Parameters Description
Parameter |
Description |
qubole_conn_id |
The connection ID which consists of QDS auth_token. |
kwargs
Parameter |
Description |
command_type |
Type of command that is to be executed. For example, a Hive, Shell, or Hadoop command. |
tags |
An array of tags that you can assign to the command. |
cluster_label |
The label of a cluster on which the command is executed. |
name |
A name that you can provide to the command. This is a template-supported field. |
notify |
Set this to receive an email when the command completes. You are notified on a successful or failed command. |
Understanding Command-type-specific Parameters
Here are the different command-type-specific parameters:
Note
You can also use .txt
files for template-driven use cases.
hivecmd Parameters
Parameter |
Description |
query |
An inline query statement. This is a template-supported field. Either a query or a
script_location is required. |
script_location |
For GCP, the GS location that contains the query statement. This is a template-supported field. Either a
query or a script_location is required. |
sample_size |
Sample size in bytes on which to run a query. |
macros |
Macro values that are used in the query. This is a template-supported field. |
hadoopcmd Parameters
Parameter |
Description |
sub_command |
Must be jar , gsdistcp , or streaming followed by 1 or more arguments.

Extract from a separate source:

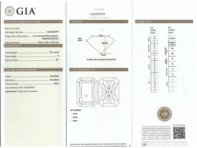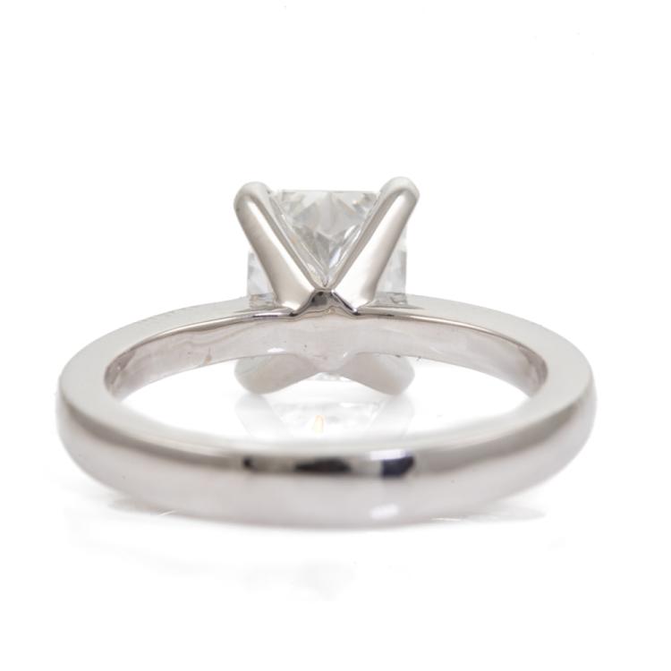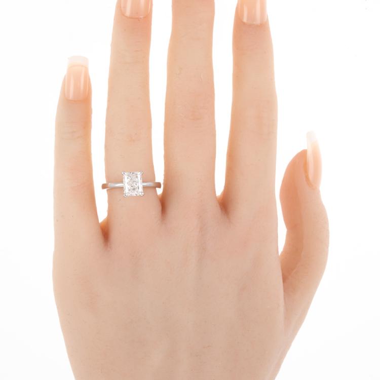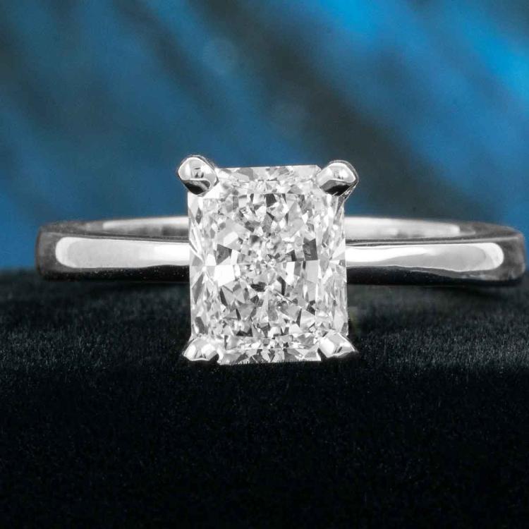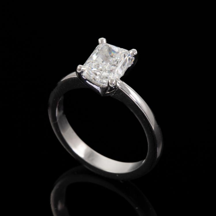 Diamond solitaire ring with radiant cut Natural Diamond of 2.01ct (with GIA Report graded as F SI1 #1425259499). 18ct white gold. Ring size: K1/2. Band width: 2.9mm - 1.9mm. Weight: 5.7g. (New)

This is a template-supported field. (gsdistcp is valid for all platforms.) |
shellcmd Parameters
Parameter |
Description |
script |
An inline command with arguments. This is a template-supported field. Either a script or a
script_location is required. |
script_location |
For GCP, the GS location that contains the query statement. This is a template-supported field. Either a
script or a script_location is required. |
files |
A list of files in an GCP GS bucket in the file1 and file2 format. These files are copied
into the working directory where the Qubole command is being executed.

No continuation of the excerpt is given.